LONDON — The United Kingdom’s development finance institution, CDC Group, has launched a series of efforts to ensure its investments in private health care companies are having a positive impact on both patients and public health systems and is calling on other investors to do the same.
On the back of a major capital increase and a commitment to deliver impact beyond jobs and economic growth, CDC is looking to scale up its support for private health care providers in low- and middle-income countries. As part of this, the institution is taking steps to ensure its investments are responsibly managed, contributing to the Sustainable Development Agenda’s goal of universal health care.
“What we’ve seen is lots of investors invest in one facility, and then the government hospital next to it may crumble … [so], on a net [basis], you’ve made a negative impact.”

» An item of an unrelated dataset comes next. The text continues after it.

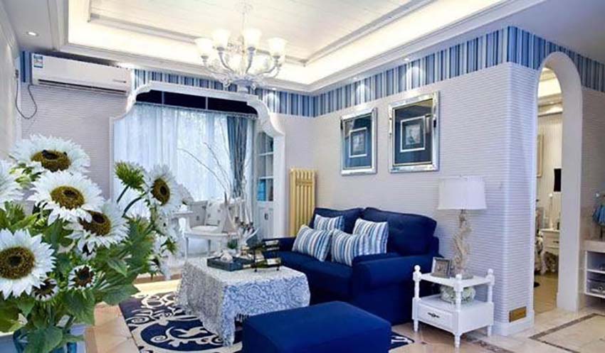 一般小戶型家庭建議不要做吊頂了,周邊走一條石膏線就很好看了!石膏線和天花刷成白色,墻體刷米白或者其他比天花稍微深一點(diǎn)的顏色,這樣就很顯層次感。

— Katharina Neureiter, executive of the impact management team, CDCLast year, the development finance institution commissioned researchers at the Imperial College London Institute of Global Health Innovation to develop a health care impact framework. It is designed to help policymakers, providers, and investors carry out qualitative assessments of the impact for-profit providers are having on patients and the broader health ecosystem.
CDC is also co-convening a newly established “investors for health community,” with the International Finance Corporation and The Rise Fund, which met for the first time in November. The community aims to bring together the spectrum of private health care investors to drive responsible practices.
More than half of all health care in Africa is delivered by private providers, according to IFC, and the role of the private sector in delivering and financing UHC is increasingly being recognized. However, many are concerned that private health care in lower-income countries can have negative impacts, including stripping the public sector of staff, over-treating and overcharging patients, and undermining the case for publicly-funded health systems.
“What we’ve seen is lots of investors invest in one facility, and then the government hospital next to it may crumble because they don’t have any doctors left … and actually, on a net [basis], you’ve made a negative impact,” Katharina Neureiter, executive in CDC’s impact management team, told Devex.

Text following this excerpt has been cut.